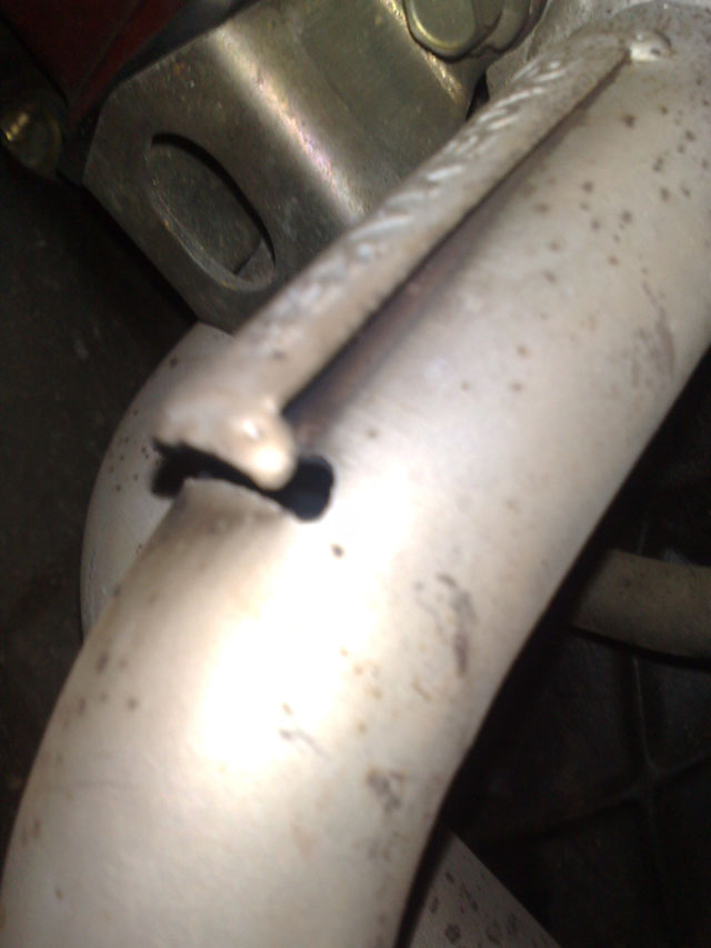 {USERNAME} wrote: Hey guys, have any of you seen this? Attachment: 24062009603.jpg Attachment: 30062009618.jpg The weld has broken and there is now a hole in the headers. When revving you can see blue flames through the hole, and it backfires a lot, also sounds like crap. Is this something that will be able to be fixed up and re-welded? cheers YES,but may have to remove the plate and oxy weld the holes,but i wonder how thick the pipe is at that point.the thinner it is the harder to weld.
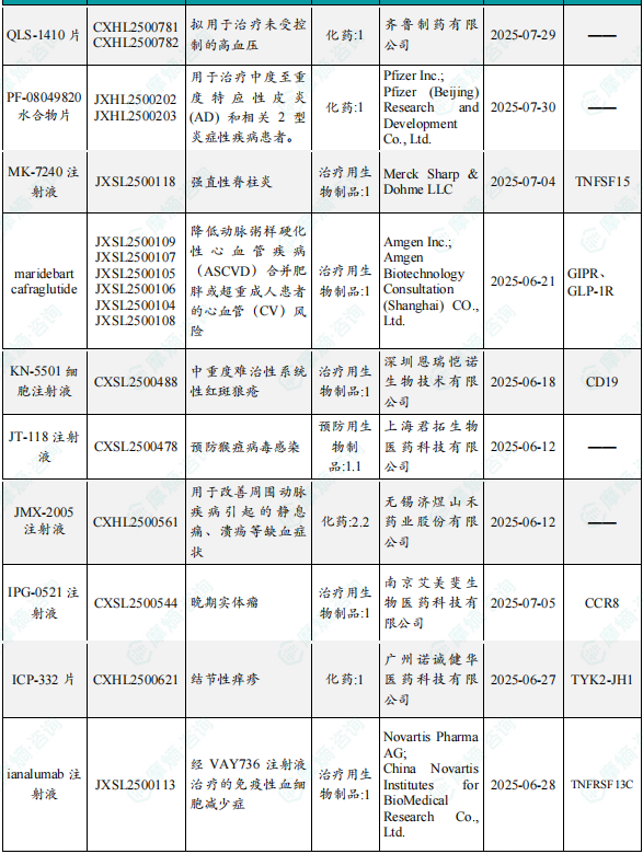 9月1日,CDE官网公示:齐鲁制药的QLS-1410片获得临床试验默示许可,拟用于治疗未受控制的高血压。公开资料显示,QLS-1410是一款CYP11B2抑制剂。齐鲁制药目前已经登记了该产品在成年健康和轻度原发性高血压参与者中评价QLS1410片单次和多次给药剂量递增的I期临床研究。
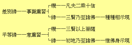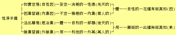 以上全是大寶的意見。要之,賢首就性分而言無始的無明中有厚薄。淨影則就行相而言無始無明無厚薄。無非是試作和會折衷耳。
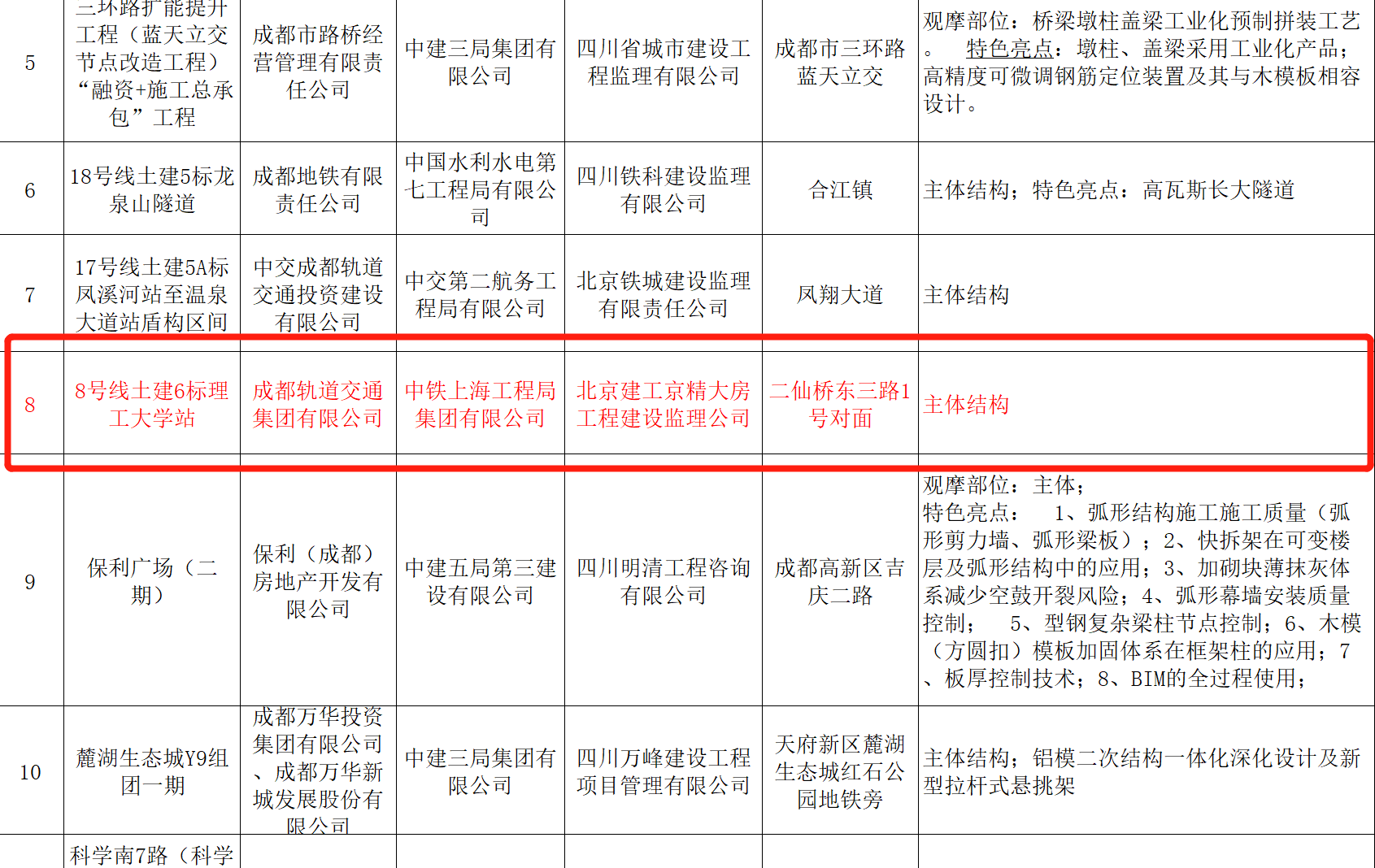 近日,由公司承建的成都軌道交通8號(hào)線一期工程6標(biāo)理工大學(xué)站榮獲2019年度成都市“優(yōu)質(zhì)示范工程”,這是繼理工大學(xué)站榮獲成都市“安標(biāo)工地”后的又一殊榮。...
***
Assignment = Return the material word for word, images omitted.

Task response =
 {USERNAME} wrote: Hey guys, have any of you seen this? Attachment: 24062009603.jpg Attachment: 30062009618.jpg The weld has broken and there is now a hole in the headers. When revving you can see blue flames through the hole, and it backfires a lot, also sounds like crap. Is this something that will be able to be fixed up and re-welded? cheers YES,but may have to remove the plate and oxy weld the holes,but i wonder how thick the pipe is at that point.the thinner it is the harder to weld.
 9月1日,CDE官网公示:齐鲁制药的QLS-1410片获得临床试验默示许可,拟用于治疗未受控制的高血压。公开资料显示,QLS-1410是一款CYP11B2抑制剂。齐鲁制药目前已经登记了该产品在成年健康和轻度原发性高血压参与者中评价QLS1410片单次和多次给药剂量递增的I期临床研究。
 以上全是大寶的意見。要之,賢首就性分而言無始的無明中有厚薄。淨影則就行相而言無始無明無厚薄。無非是試作和會折衷耳。
 近日,由公司承建的成都軌道交通8號(hào)線一期工程6標(biāo)理工大學(xué)站榮獲2019年度成都市“優(yōu)質(zhì)示范工程”,這是繼理工大學(xué)站榮獲成都市“安標(biāo)工地”后的又一殊榮。...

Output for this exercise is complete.